## REQUIRED WORK
From the data that follows, set down exactly the lines from the one with "واستمر جكم محبوساً" through the one with "(a) Monomeric anthocyanin", counting both. Pictures stay out.

## AVAILABLE DATA
==========

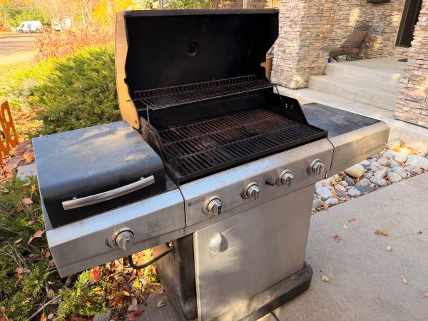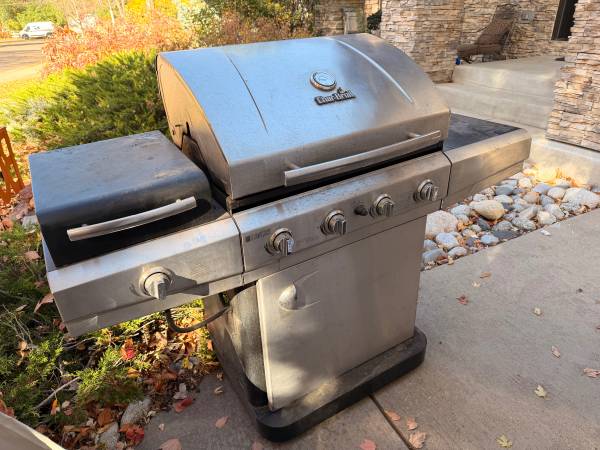 Char-Broil designer series grill with side burner for sale. Parents moving and their grill has a rotisserie so we don’t need this one. Starter button works, grill works, side burner never used. Cover included. Grill is 60”wide, 20” deep, and 46.5” high
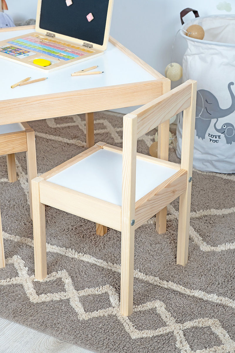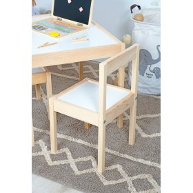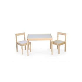 Tato sada v minimalistickém stylu se snadno přizpůsobí jakémukoli prostředí a bude vhodná jak do dětských pokojíků tak třeba heren. Jedná se o maximálně odolný set stolu a židlí z vysoce kvalitního borovicového dřeva.
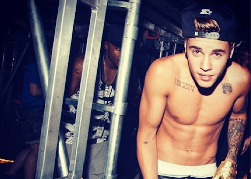 We're all painfully aware that Justin Bieber loves to go shirtless — he might actually love it more than hot boxing his private jet, making it rain at strip clubs, AND getting arrested. The "Confident" singer is shirtless 99 percent of the time these days and it looks like Bieber's taken his sans-shirt look to the club.
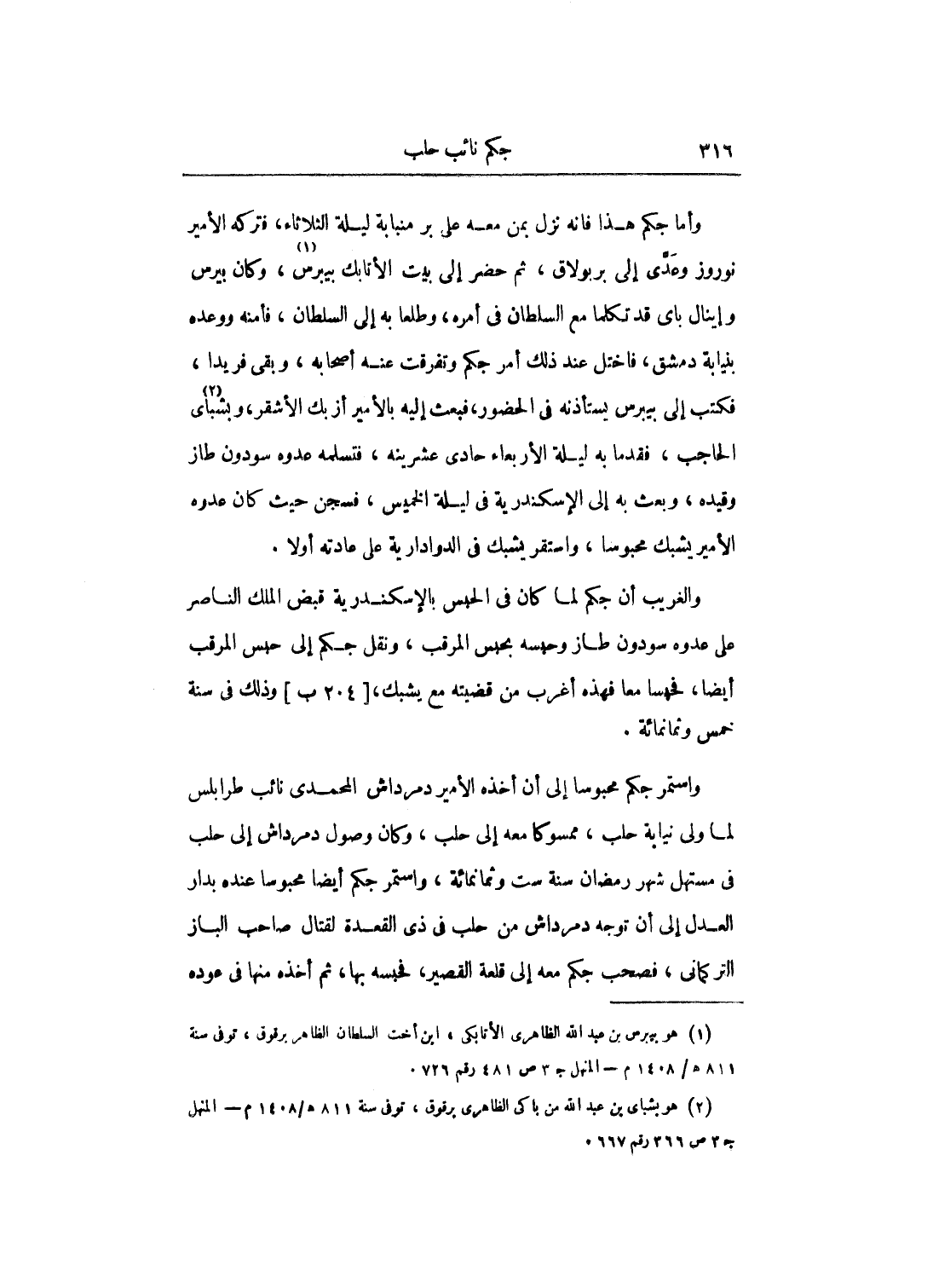 واستمر جكم محبوساً إلى أن أخذه الأمير دمرداش المحمدي نائب طرابلس لما ولى نيابة حلب، ممسوكاً معه إلى حلب، وكان وصول دمرداش إلى حلب في مستهل شهر رمضان سنة ست وثمانمائة، واستمر جكم أيضاً محبوساً عنده بدار العدل إلى أن توجه دمرداش من حلب في ذي القعدة لقتال صاحب الباز التركماني، فصحب جكم معه إلى قلعة القصير، فحبسه بها، ثم أخذه منها في عوده
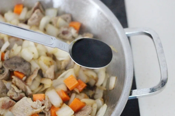 간장 1큰술을 살짝 태우듯 섞어주세요.
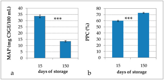 (a) Monomeric anthocyanin pigments (MAP); and (b) percent polymeric color (PPC) of mix-RCW drink after 15 and 150 days of storage. Data are expressed as the mean ± standard error (n = 6). *** Significance of Student’s t-test: exact p-value: <0.0001.
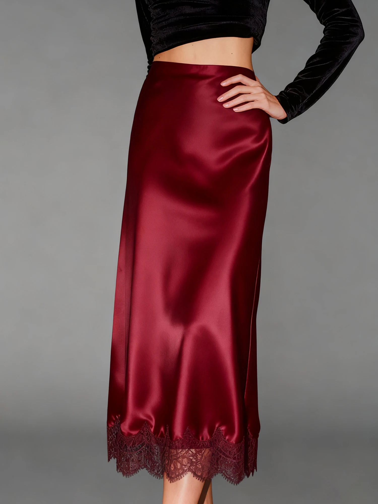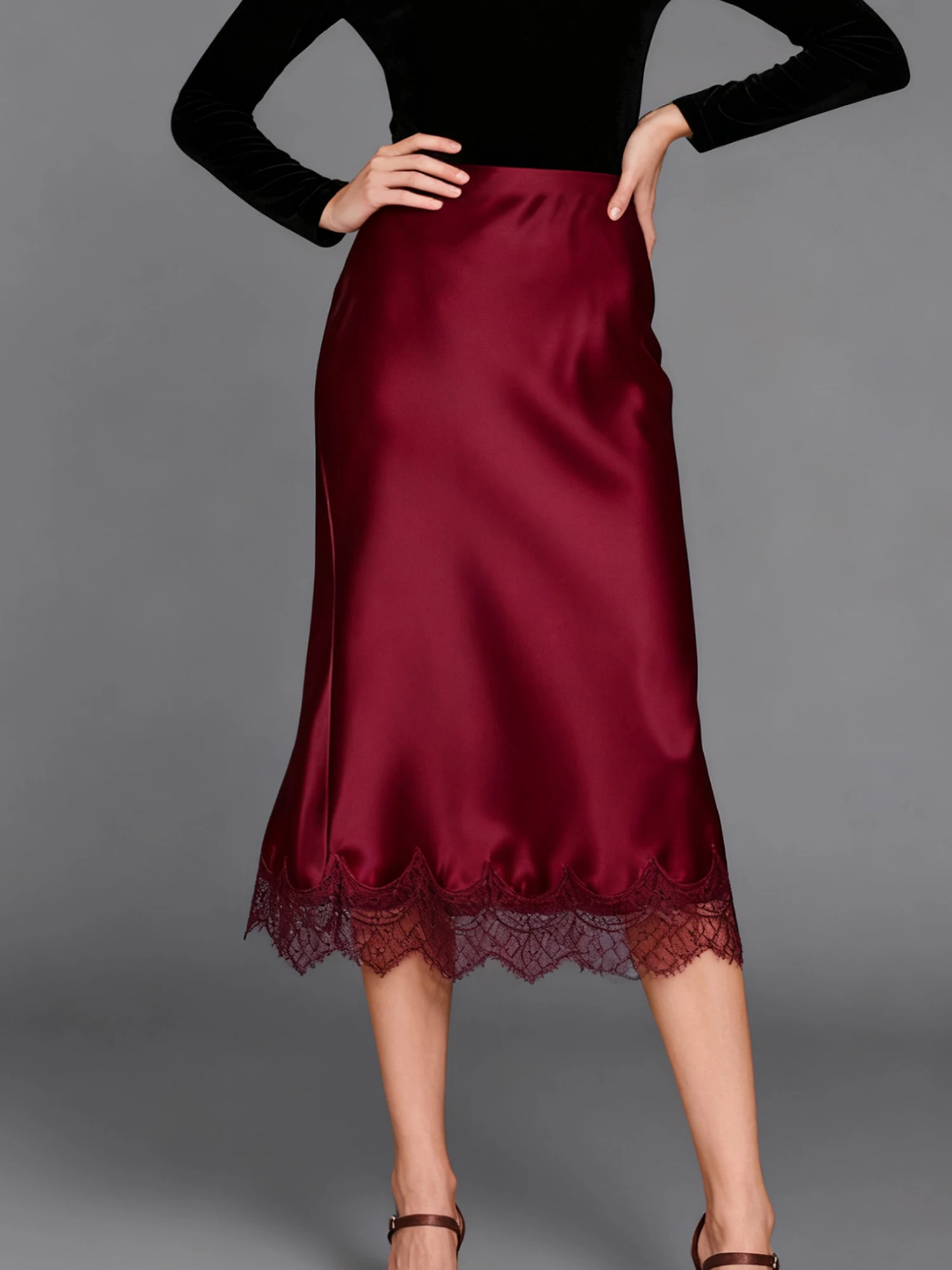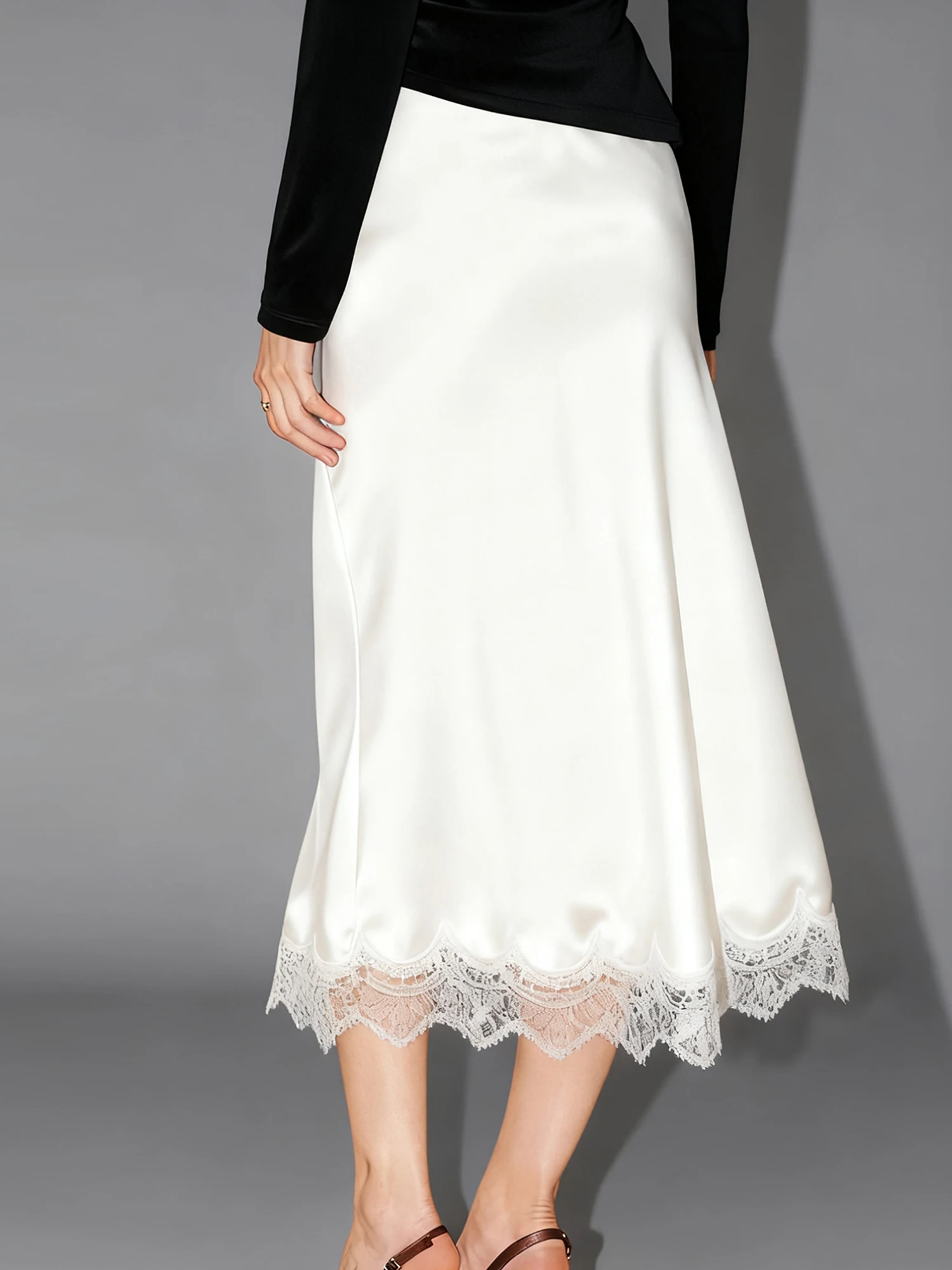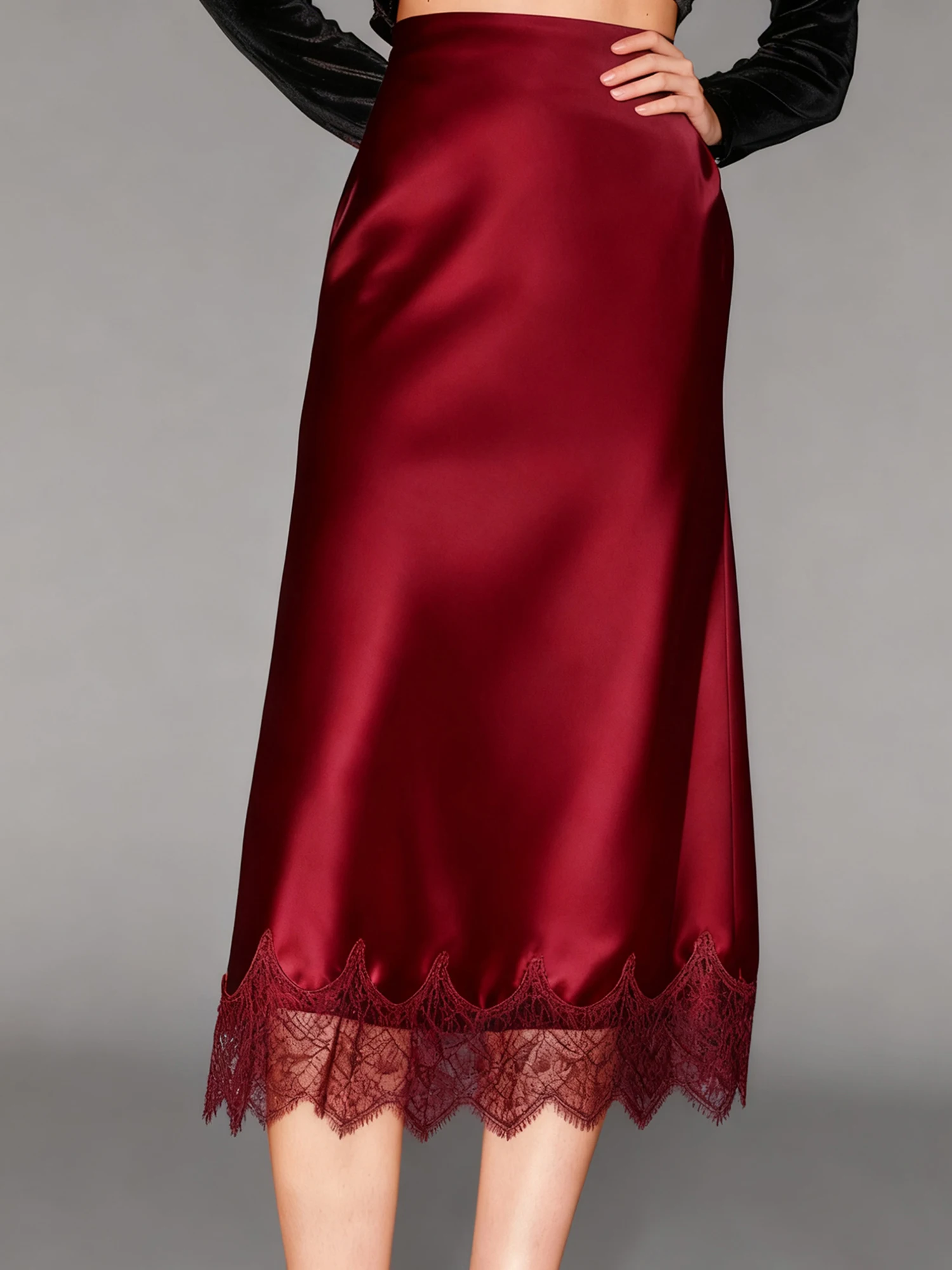 Women Half Slips for Under Dress Sheer Eyelash Floral Lace Trim Satin Silk Long Underskirt Extender Silky Slips Skirt

==========

## RESPONSE BOX
 واستمر جكم محبوساً إلى أن أخذه الأمير دمرداش المحمدي نائب طرابلس لما ولى نيابة حلب، ممسوكاً معه إلى حلب، وكان وصول دمرداش إلى حلب في مستهل شهر رمضان سنة ست وثمانمائة، واستمر جكم أيضاً محبوساً عنده بدار العدل إلى أن توجه دمرداش من حلب في ذي القعدة لقتال صاحب الباز التركماني، فصحب جكم معه إلى قلعة القصير، فحبسه بها، ثم أخذه منها في عوده
 간장 1큰술을 살짝 태우듯 섞어주세요.
 (a) Monomeric anthocyanin pigments (MAP); and (b) percent polymeric color (PPC) of mix-RCW drink after 15 and 150 days of storage. Data are expressed as the mean ± standard error (n = 6). *** Significance of Student’s t-test: exact p-value: <0.0001.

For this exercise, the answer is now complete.